British American Tobacco Switzerland (BAT) envisage de transférer la totalité de la production du site jurassien de Boncourt vers d’autres usines en Europe. Le gouvernement jurassien déplore cette nouvelle qui représente un coup dur pour le canton.

Pour le maire de Boncourt, Lionel Maitre, "C'est un choc, une déception, un sentiment de désolation et de gâchis, a-t-il dit au 19h30 jeudi sur la RTS.

"Le canton va suivre ce dossier pour s'assurer que le plan social soit exemplaire pour l'ensemble des collaboratrices et collaborateurs", a dit pour sa part le conseiller d'Etat jurassien Jacques Gerber.

Le gouvernement, qui a été informé de l'ouverture d'une procédure de consultation de quatre semaines, "fera en sorte de défendre les intérêts jurassiens et ceux des employés dans la phase de consultation qui s’ouvre", a-t-il indiqué jeudi dans un communiqué.

L’annonce de BAT laisse entrevoir un désengagement du site jurassien. Elle "a suscité la surprise et la déception du gouvernement jurassien au regard de l’importance historique de l’entreprise pour le canton".

Selon le site internet du groupe, BAT emploie plus de 360 personnes en Suisse, entre Boncourt où il y a le siège principal et le site de production et les bureaux commerciaux de Lausanne. Selon la RTS, l'usine compte actuellement quelque 220 employés, dont environ la moitié de frontaliers.

Fondée en 1814 par la famille Burrus, l'usine est passée aux mains de Rothmans International en 1996. Cette dernière a fusionné avec la multinationale British American Tobacco (BAT) en 1999, qui en a fait son siège principal en Suisse. Elle produit depuis 1887 les fameuses cigarettes suisses "Parisienne", 2e marque la plus vendue dans le pays.

Rentrées fiscales

En janvier 2014, le département recherche et développement de BAT avait déjà fermé son usine-pilote à Boncourt, avec une quinzaine de suppressions d'emplois à la clé. Le groupe avait toutefois célébré en mai de la même année les 200 ans d'activités du site de production.

Les festivités, marquant ce bicentenaire, avaient permis aux orateurs de rappeler le lien indéfectible entre la dynastie Burrus et le village frontalier de Boncourt. "La famille Burrus a laissé son empreinte sur la vie économique et sociale de Boncourt et de sa région", avait souligné Charles Juillard, ancien président du gouvernement jurassien.

L'économie locale dépend fortement du site de production.

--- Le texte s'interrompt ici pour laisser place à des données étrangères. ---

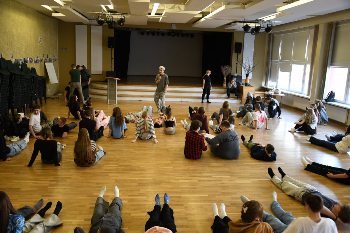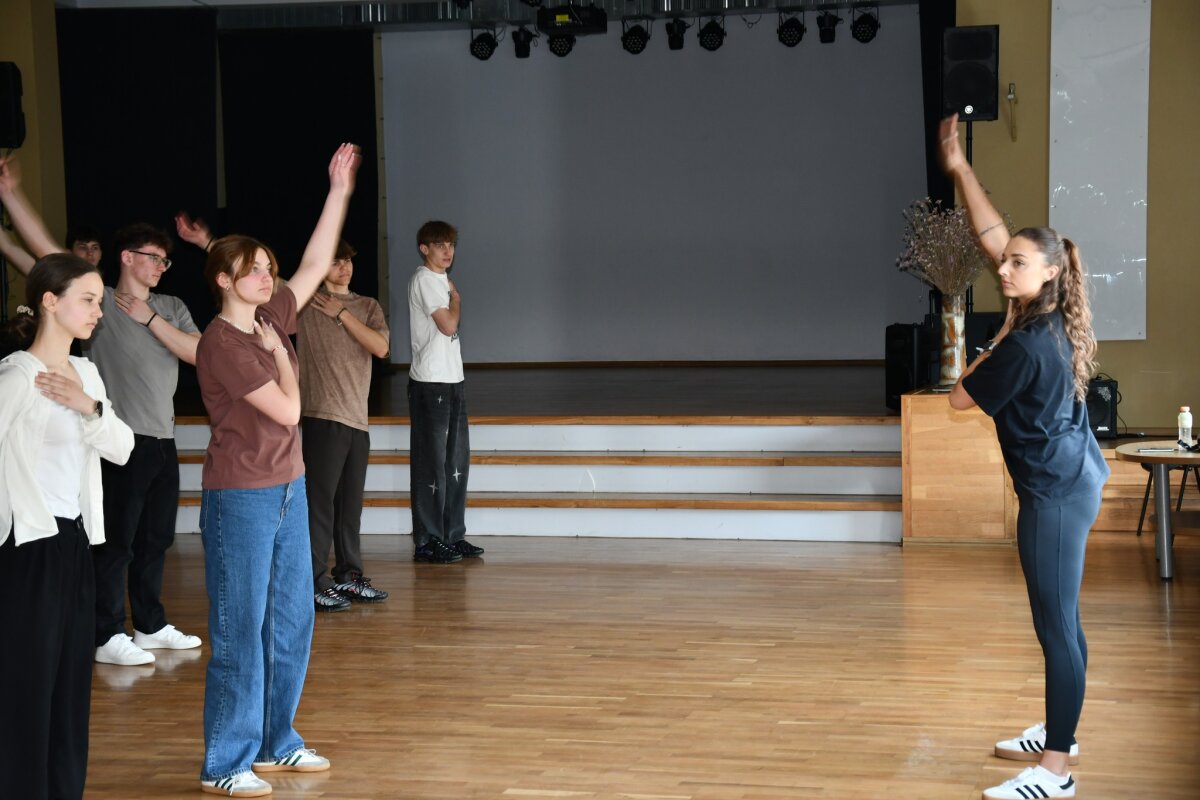 Judesio, ritmo ir erdvės pajautą mokiniai lavina su Dominyka Vosyliūte, kurios užsiėmimuose gilinamasi į kvėpavimo technikas, kūno kalbos galią ir organišką judėjimą scenoje.

Les rentrées fiscales de l'usine BAT, dont le siège se trouve aussi à Boncourt, profitent au village et au reste du canton. "Le développement de Boncourt est étroitement lié à l'évolution de l'usine Burrus et maintenant BAT", avait expliqué l'ancien maire de ce village ajoulot, André Goffinet, lors du bicentenaire.

D'origine alsacienne, la famille Burrus s'installe au début du 19e siècle dans la région jurassienne. En 1814, Martin Burrus fonde la fabrique de tabac (tabac à pipe et tabac à chiquer). C'est en 1886 que débute la fabrication de cigarettes. Une année plus tard est lancée la marque "Parisienne".

Les membres de cette dynastie familiale vont diriger tour à tour l'entreprise. Ce ne sont ainsi pas moins de six générations qui se sont succédé à la tête de la société jusqu'à sa vente au groupe néerlandais Rothmans International en 1996.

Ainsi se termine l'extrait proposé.